Abstract
Older cancer patients are a highly heterogeneous population in terms of global health and physiological reserves, and it is often difficult to determine the best treatment. Moreover, clinical tools currently used to assess global health require dedicated time and lack a standardized end score. Circulating markers of biological age and/or fitness could complement or partially substitute the existing screening tools. In this study we explored the relationship of potential ageing/frailty biomarkers with age and clinical frailty. On a population of 82 young and 162 older non-metastatic breast cancer patients, we measured mean leukocyte telomere length and plasma levels of interleukin-6 (IL-6), regulated upon activation, normal T cell expressed and secreted (RANTES), monocyte chemotactic protein 1 (MCP-1), insulin-like growth factor 1 (IGF-1).

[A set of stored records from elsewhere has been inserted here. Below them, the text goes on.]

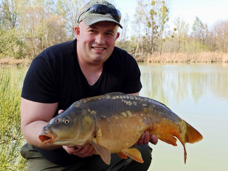 By ochłonąć co nieco usiadłem na chwilę wystawiając się na kojące działanie słońca. Po chwili ponownie przewiozłem zestawy i nie dane było mi zbyt długo cieszyć się spokojem. Gwałtowne branie przy zaczepie i odjazd zrzucił z podpórek moja wędke i tylko dzięki szybkiej reakcji Dariusza nie musiałem skakać za nią do cokolwiek chłodnej jeszcze wody. Po dynamicznej walce na macie zagościł nieco mniej okazały ale również śliczny karpik który chętnie zapozował do zdjęć. Po tym braniu do samego wieczora miałem już spokój więc ponownie w skupieniu i niezwykłej jak na lokalizację łowiska ciszy ponownie przeżywałem cudowne chwile holu ryb. Gdy słońce schowało się za horyzontem nastał chłód i czas powrotu do rodziny. Wracałem uśmiechnięty i szczęśliwy. Dzień mimo że krótki i zakończony dwoma rybami na macie, był niezwykle owocny.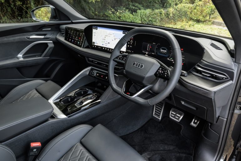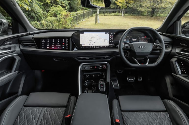 運転席に乗り込めば、A5でも採用されているデジタルステージと呼ぶ曲面OLEDテクノロジーを備えた11.9インチのアウディバーチャルコックピットと14.5インチのMMI タッチディスプレイによるMMIパノラマディスプレイが目を引く。見ての通り、ダッシュボード一面がディスプレイとなり、助手席にまで広がったディスプレイはナビ設定などでドライバーを助手席側からもサポートできるシステムだ。これなら助手席の乗員もドライブをより楽しめるに違いない。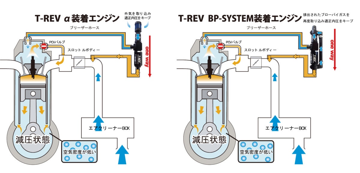 これにより、抜いて内圧が下りすぎたら外気を取り入れる=内圧が上下して安定しきらなかった「T-REV α」と比べ、「T-REV BP」は状況に応じて循環させることで内圧を適正値に整え、エンジン内圧の安定化につながる=減圧の効果が低回転から高回転まで安定した。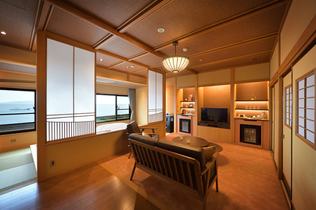 お部屋は全室オーシャンビュー!日の出から月の出まで刻々と変化する空と海の情景が魅力です。

We also developed a new tool to summarize clinical frailty, designated Leuven Oncogeriatric Frailty Score (LOFS), by integrating GA results in a single, semi-continuous score. LOFS' median score was 8, on a scale from 0=frail to 10=fit. IL-6 levels were associated with chronological age in both groups and with clinical frailty in older breast cancer patients, whereas telomere length, IGF-1 and MCP-1 only correlated with age. Plasma IL-6 should be further explored as frailty biomarker in cancer patients.
Highlights
Chronological age does not always accurately reflect functional status and life expectancy
Some attempts to summarize and categorize Geriatric assessment (GA) results have been proposed in geriatric oncology such as the Balducci score, but the included elements and cut-offs are arbitrary, and do not capture the complexity of the entire ageing process [4]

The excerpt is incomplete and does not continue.